The environment is seen as having a religious dimension that extends beyond its physical prognosis in Africa. This may issue from their profound sense of appreciation for the several services made by the environment and its resources in their everyday life activities. To the African, a greater spirit is always responsible for any good deed that’s extended to him/her. Thus, when s/he freely gets assistance to cater to his/her greatest needs of life like food, clothing, shelter, medicine, and recreation among others, s/he attaches spiritual value to its providers which are the environment and its resources.
The Africans don’t worship the surroundings as they would worship the highest spirit who’s at the apex of the belief systems, the Supreme Deity. But they treat the environment and its resources with deep awe and respect. They believe that it is the Supreme Deity that has given these natural things in the environment as habitats for some soul beings sent as messengers to assist the human family in their dire situations. This belief is often referred to as Animism. Concerning great storms, the forests serve as wind holders to protect them from the anger of the storms. The leaves, stem, barks, and roots provide them with medicine to heal their ailments while the fruits offer them food. Following the performance of rituals and appeasing the spirits believed to be dwelling in the trees, a number of them are dropped and used for architectural and other utilitarian products. To the indigenous African, the products and services offered him/her by the plants, rivers and other items in the environment are the handiworks of the soul residing in them. Thus, it would be improper, or an act of disrespect and lack of appreciation to wantonly destroy these wonderful resources which have served them and pivoted their lifetime presence.
Out of terrific appreciation, they treat the earth and its natural resources with the greatest care and gentility. The rivers and water bodies aren’t defiled in any way whether by bathing in them, tainting its purity with menstruation blood, drowning someone dead inside, urinating or defecating in them or even using poisonous substances to fish in them. The water bodies have been seen as having souls residing in them and these spirits will be incensed and vouch their anger about offenders of those environmental malfeasances. This maintains the purity of the river bodies and the sustainable supply of its anthropogenic and ecological services. The rich abundance of biodiversity and their conservation in many areas in Africa is as a consequence of the religiosity view of the environment by the indigenous African.

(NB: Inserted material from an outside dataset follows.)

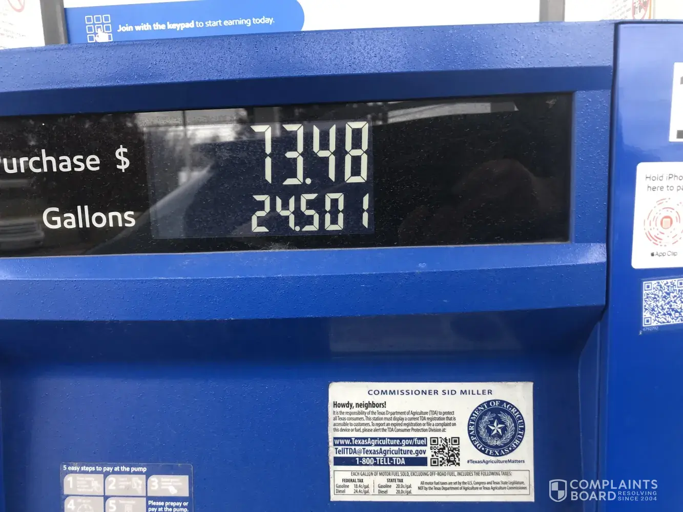 When I filled it up, I found out that I paid $3.259 and not $3.19. I approached the cashier to ask him why the sign showed $3.199 and I paid $3.259. He told me $3.199 per gallon was the cash price, even though the sign did not say "cash" anywhere to indicate that it is only the cash price.

What is the way forward with this sacrosanct view of the environment? Because of the influx of Western religion and schooling as well as globalization, many Africans who are influenced by these external factors, especially the youth, have dulled the high sense of spiritual values for the environment. This is adversely affecting the sustainability and conservation of the natural resources in the environment. However, in local communities in which this religiosity view of this environment remains high, the biodiversity resources are still intact and in their pristine state. This is largely as a result of the stringent sanctioning measures imposed by the traditional councils in the local communities comprising of the ruling chief and his cabinet of elders. Hence, the environmental agencies and ministries in Africa must permit the standard councils to operate in full abilities to enforce these cultural beliefs that protect the environment. They can achieve so by setting a legislation to beef up their powers to sanction culprits who participate in environmentally degrading activities which are seen as defying the sanctity and purity of the environment. Also, assistance concerning logistics to preserve and propagate this belief in animism has to be provided to help in the maintenance of the buoyancy of the environment and its essential resources.